AbstractBackground and Purpose—
Recombinant osteopontin (rOPN) has been reported to be neuroprotective in stroke animal models. The purpose of this study is to investigate a potential role and mechanism of nasal administration of rOPN on preserving the vascular smooth muscle phenotype in early brain injury after subarachnoid hemorrhage (SAH).Methods—
One hundred and ninety-two male adult Sprague-Dawley rats were used. The SAH model was induced by endovascular perforation.
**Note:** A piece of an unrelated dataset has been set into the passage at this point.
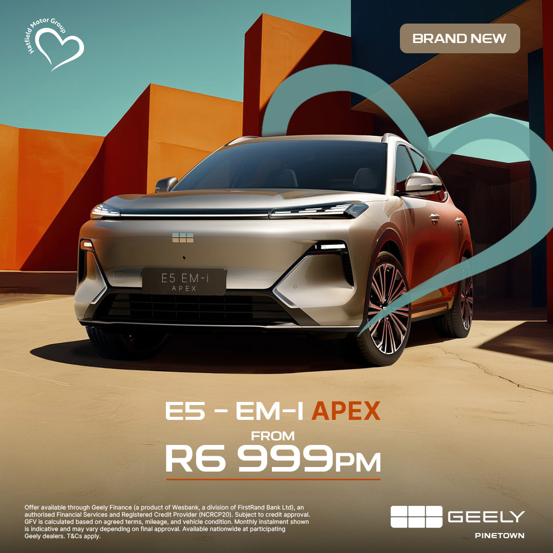 Offer available through Geely Finance (a product of Wesbank, a division of FirstRand Bank Ltd), an authorised Financial Services and Registered Credit Provider (NCRCP20). Subject to credit approval. GFV is calculated based on agreed terms, mileage, and vehicle condition. Monthly instalment shown is indicative and may vary depending on final approval. Available nationwide at participating Geely dealers. T&Cs apply.

Integrin-linked kinase small interfering RNA was intracerebroventricularly injected 48 hours before SAH. The integrin receptor antagonist fibronectin-derived peptide Gly-Arg-Gly-Asp-Ser-Pro (GRGDSP), focal adhesion kinase inhibitor Fib-14, and Rac-1 inhibitor NSC23766 were administered 1 hour before SAH induction. rOPN was administered via the intracerebroventricular and nasal route after SAH. SAH grade, neurological scores, brain water content, brain swelling, hematoxylin and eosin staining, India ink angiography, Western blots, and immunofluorescence were used to study the mechanisms of rOPN on the vascular smooth muscle phenotypic transformation.Results—
The marker proteins of vascular smooth muscle phenotypic transformation α-smooth muscle actin decreased and embryonic smooth muscle myosin heavy chain (SMemb) increased significantly at 24 and 72 hours in the cerebral arteries after SAH. rOPN prevented the changes of α-smooth muscle actin and SMemb and significantly alleviated neurobehavioral dysfunction, increased the cross-sectional area and the lumen diameter of the cerebral arteries, reduced the brain water content and brain swelling, and improved the wall thickness of cerebral arteries. These effects of rOPN were abolished by GRGDSP, integrin-linked kinase small interfering RNA, and NSC23766. Intranasal application of rOPN at 3 hours after SAH also reduced neurological deficits.Conclusions—
rOPN prevented the vascular smooth muscle phenotypic transformation and improved the neurological outcome, which was possibly mediated by the integrin receptor/integrin-linked kinase/Rac-1 pathway.